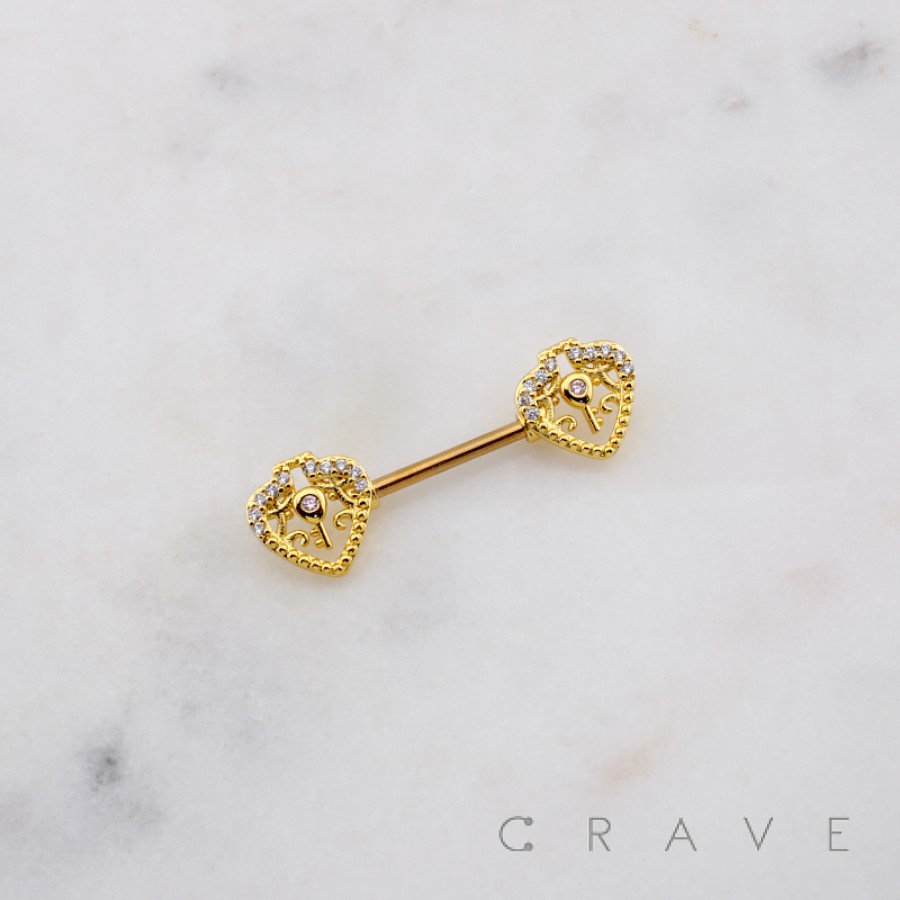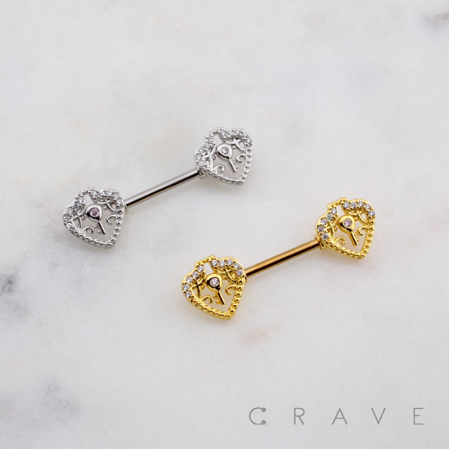 MULTI CZ HEART WITH KEY316L SURGICAL STEEL NIPPLE RING
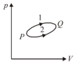 A system goes from $P$ to $Q$ by two different paths in the $p$ $V$ diagram as shown in figure. Heat given to the system in path 1 is $1000 \mathrm{~J}$. The work done by the system along path 1 is more than path 2 by $100 \mathrm{~J}$. What is the heat exchanged by the system in path 2 ?
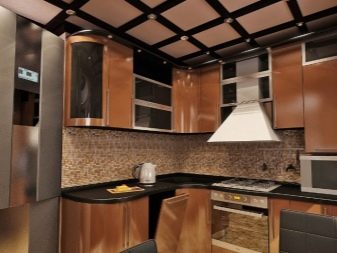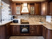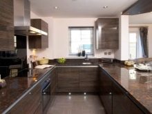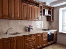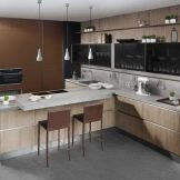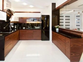Brunt køkken kan være U-formet. I dette tilfælde fordeles hele mængden af møbler og apparater langs tre vægge. Men konfigurationen i form af bogstavet "P" er uegnet til beskedne eller meget store værelser.
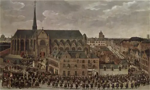 - ↑ Thomas Buyse, "In dese dangereuse conjuncture des tyts". Sociaal kapitaal van de schuttersgilden in Gent, Antwerpen en Brussel van Beeldenstorm tot het einde van het Twaalfjarig Bestand (1566 – 1621)

**EXERCISE OBJECTIVE**
Pictures stay out. Print the data exactly, from its first line through the line containing "A system goes".

**EXERCISE OUTPUT**
 MULTI CZ HEART WITH KEY316L SURGICAL STEEL NIPPLE RING
 A system goes from $P$ to $Q$ by two different paths in the $p$ $V$ diagram as shown in figure. Heat given to the system in path 1 is $1000 \mathrm{~J}$. The work done by the system along path 1 is more than path 2 by $100 \mathrm{~J}$. What is the heat exchanged by the system in path 2 ?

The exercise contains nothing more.